• **Problem requirements**
The records below are to be copied word for word, with every picture left out.

• **Provided data**
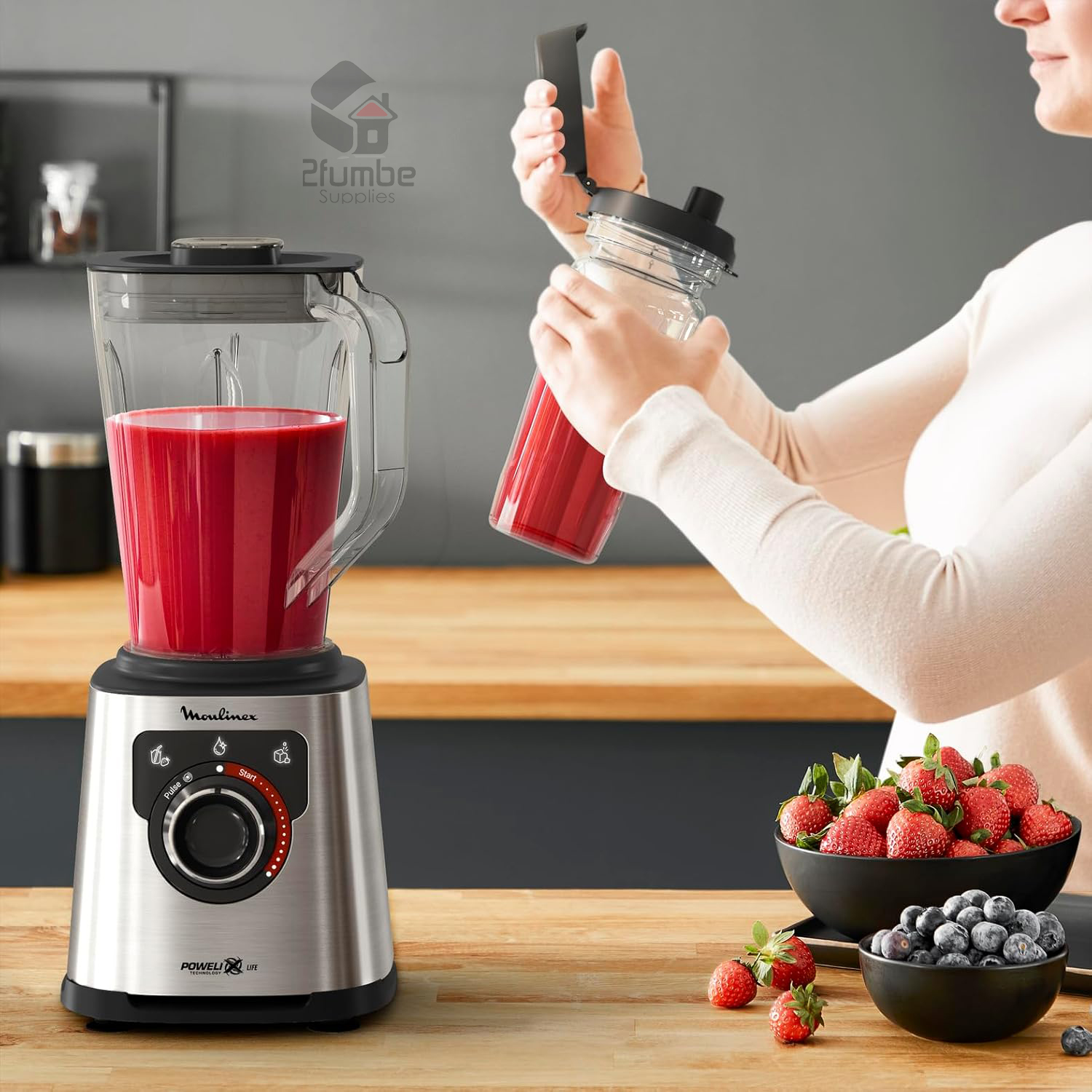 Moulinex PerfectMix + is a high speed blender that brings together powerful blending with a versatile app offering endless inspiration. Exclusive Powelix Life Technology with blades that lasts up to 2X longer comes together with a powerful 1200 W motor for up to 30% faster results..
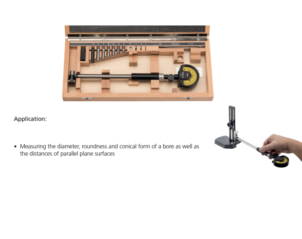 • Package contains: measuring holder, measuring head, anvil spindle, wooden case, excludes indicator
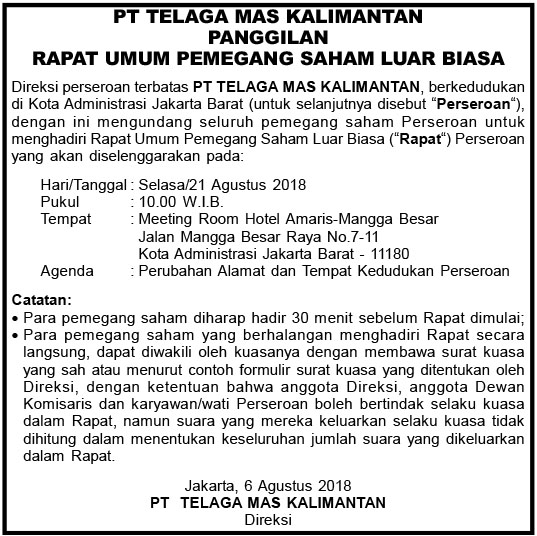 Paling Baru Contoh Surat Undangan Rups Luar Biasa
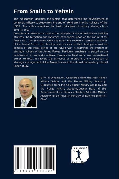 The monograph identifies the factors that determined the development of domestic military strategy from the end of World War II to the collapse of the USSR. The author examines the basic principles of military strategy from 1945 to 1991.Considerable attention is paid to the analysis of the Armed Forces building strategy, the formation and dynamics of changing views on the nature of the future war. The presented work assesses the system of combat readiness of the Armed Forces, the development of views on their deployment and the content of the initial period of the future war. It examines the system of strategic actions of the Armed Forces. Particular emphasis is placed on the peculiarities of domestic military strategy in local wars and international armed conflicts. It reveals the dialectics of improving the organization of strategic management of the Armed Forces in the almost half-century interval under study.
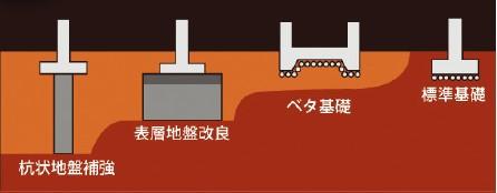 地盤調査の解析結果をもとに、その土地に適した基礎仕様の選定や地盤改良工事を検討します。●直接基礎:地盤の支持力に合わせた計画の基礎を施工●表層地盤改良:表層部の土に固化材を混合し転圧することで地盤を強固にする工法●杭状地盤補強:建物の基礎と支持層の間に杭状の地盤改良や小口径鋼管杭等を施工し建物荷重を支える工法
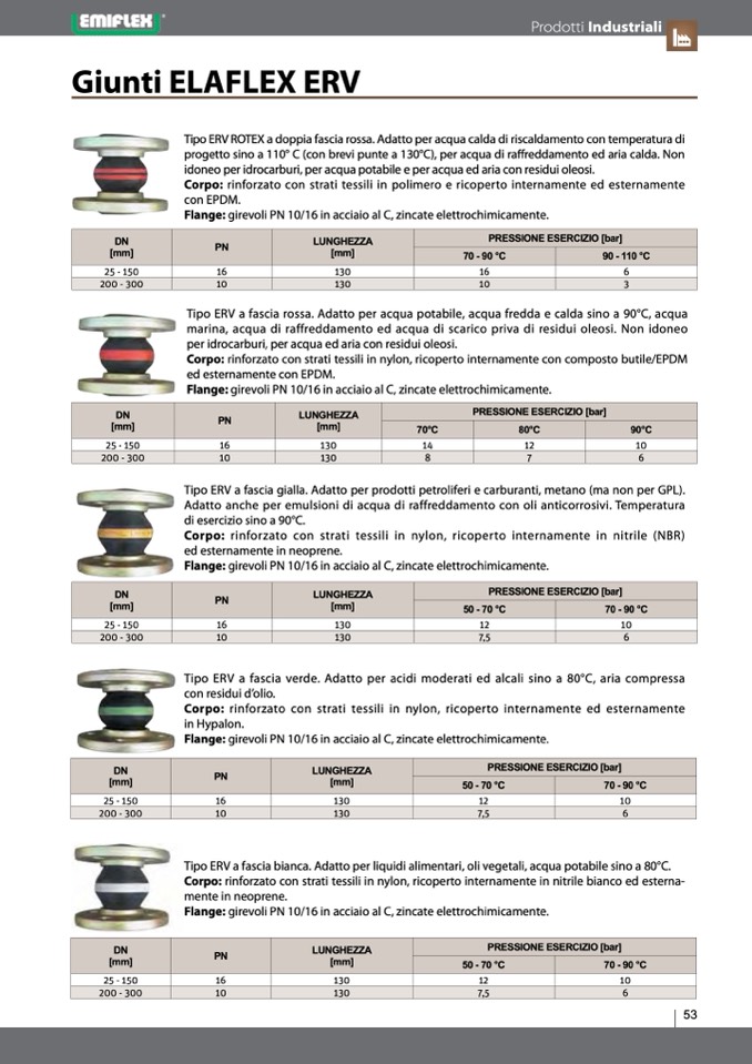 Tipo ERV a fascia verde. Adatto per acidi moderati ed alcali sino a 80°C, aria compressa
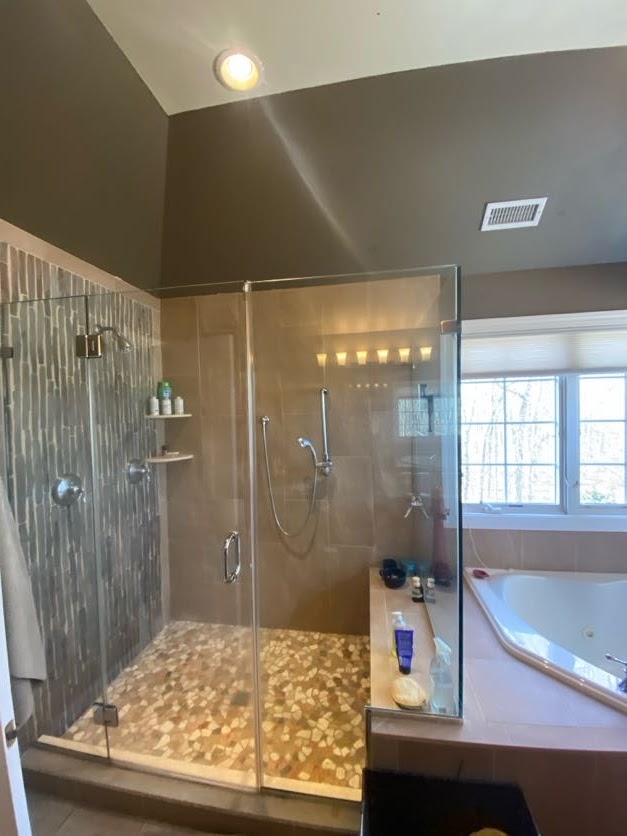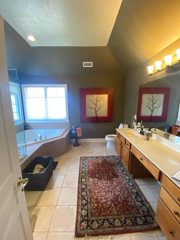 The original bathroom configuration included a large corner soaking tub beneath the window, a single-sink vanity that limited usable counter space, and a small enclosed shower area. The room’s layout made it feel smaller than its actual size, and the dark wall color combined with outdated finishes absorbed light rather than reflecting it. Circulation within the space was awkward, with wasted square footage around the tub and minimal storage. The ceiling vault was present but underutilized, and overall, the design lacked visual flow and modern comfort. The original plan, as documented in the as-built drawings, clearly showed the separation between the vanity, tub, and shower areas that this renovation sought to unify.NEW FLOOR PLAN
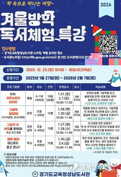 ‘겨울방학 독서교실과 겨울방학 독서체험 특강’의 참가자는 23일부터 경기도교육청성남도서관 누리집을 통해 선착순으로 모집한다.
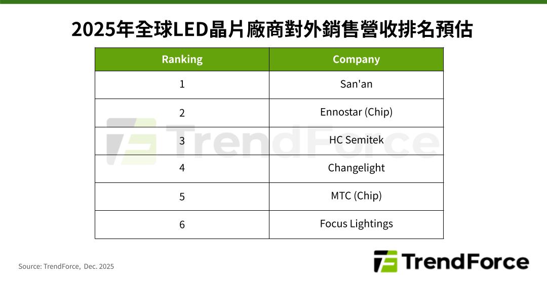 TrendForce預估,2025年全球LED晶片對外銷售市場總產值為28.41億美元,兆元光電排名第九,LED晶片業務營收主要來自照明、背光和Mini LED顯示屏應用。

• **Answer below**
 Moulinex PerfectMix + is a high speed blender that brings together powerful blending with a versatile app offering endless inspiration. Exclusive Powelix Life Technology with blades that lasts up to 2X longer comes together with a powerful 1200 W motor for up to 30% faster results..
 • Package contains: measuring holder, measuring head, anvil spindle, wooden case, excludes indicator
 Paling Baru Contoh Surat Undangan Rups Luar Biasa
 The monograph identifies the factors that determined the development of domestic military strategy from the end of World War II to the collapse of the USSR. The author examines the basic principles of military strategy from 1945 to 1991.Considerable attention is paid to the analysis of the Armed Forces building strategy, the formation and dynamics of changing views on the nature of the future war. The presented work assesses the system of combat readiness of the Armed Forces, the development of views on their deployment and the content of the initial period of the future war. It examines the system of strategic actions of the Armed Forces. Particular emphasis is placed on the peculiarities of domestic military strategy in local wars and international armed conflicts. It reveals the dialectics of improving the organization of strategic management of the Armed Forces in the almost half-century interval under study.
 地盤調査の解析結果をもとに、その土地に適した基礎仕様の選定や地盤改良工事を検討します。●直接基礎:地盤の支持力に合わせた計画の基礎を施工●表層地盤改良:表層部の土に固化材を混合し転圧することで地盤を強固にする工法●杭状地盤補強:建物の基礎と支持層の間に杭状の地盤改良や小口径鋼管杭等を施工し建物荷重を支える工法
 Tipo ERV a fascia verde. Adatto per acidi moderati ed alcali sino a 80°C, aria compressa
 The original bathroom configuration included a large corner soaking tub beneath the window, a single-sink vanity that limited usable counter space, and a small enclosed shower area. The room’s layout made it feel smaller than its actual size, and the dark wall color combined with outdated finishes absorbed light rather than reflecting it. Circulation within the space was awkward, with wasted square footage around the tub and minimal storage. The ceiling vault was present but underutilized, and overall, the design lacked visual flow and modern comfort. The original plan, as documented in the as-built drawings, clearly showed the separation between the vanity, tub, and shower areas that this renovation sought to unify.NEW FLOOR PLAN
 ‘겨울방학 독서교실과 겨울방학 독서체험 특강’의 참가자는 23일부터 경기도교육청성남도서관 누리집을 통해 선착순으로 모집한다.
 TrendForce預估,2025年全球LED晶片對外銷售市場總產值為28.41億美元,兆元光電排名第九,LED晶片業務營收主要來自照明、背光和Mini LED顯示屏應用。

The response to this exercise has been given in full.